In the current classification of mastocytoses (see Arber DA et al. 2016) this variant of adult Urticaria pigmentosa is not mentioned. Therefore, its entity is disputed. From a dermatological-diagnostic point of view, however, knowledge of this, often only discrete cutaneous mastocytosis is necessary to be able to initiate the necessary diagnostic measures in a targeted manner.
LiteratureThis section has been translated automatically.

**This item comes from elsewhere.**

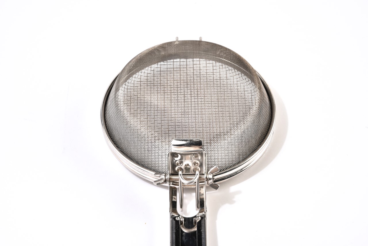 底部に細かいメッシュの特殊耐熱鋼を使用することで炎を通さず熱に変換するため焙煎ムラが少ない。ハンドルは折りたためるだけでなく伸びるので焚き火でも熱くなりにくい。(ユニフレーム TEL03-3264-8311 http://www.uniflame.co.jp)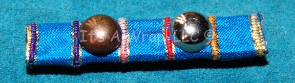 A Starfleet officer’s campaign ribbon created for Star Trek VI: The Undiscovered Country and of the style appearing in Star Trek VII: Generations. The item is fabric covered sheet plastic with twin pin backs appearing as blue with multiple multi-colored stripes trimmed with shiny gold lining and embellished with a … |

- Arber DA et al (2016) The 2016 revision to the World Health Organization classification of myeloidneoplasms
and acute leukemia. Blood 127:2391-405.
- Kalayciyan AK, Kotogyan A (2001) Telangiectasia macularis eruptiva perstans. J Eur Acad Dermatol Venereol 15: 263-264
- Parkes Weber F, Hellenschmied R (1930) Telangiectasia macularis eruptiva perstans. Br J Dermatol 42: 374-382
- Pascual JC et al (2003) Presentation of telangiectasia macularis eruptiva perstans as a long-standing solitary plaque associated with renal carcinoma. J Cutan Med Surg 7: 399-402
- Suzuki K et al (2002) Telangiectasia macularis eruptiva perstans in polycythemia rubra vera. Eur J Dermatol 12: 201-203
Incoming links (6)Cutaneous mastocytosis; Cutaneous mastocytosis of adulthood; Teleangiectasia; Teleangiectasia; Teleangiectasia eruptiva perstans; Unilateral naevoid telangiectasia syndrome;
Outgoing links (4)Darian sign; Laser; Maculopapular cutaneous mastocytosis; Mastocytosis (overview);
Please ask your physician for a reliable diagnosis. This website is only meant as a reference.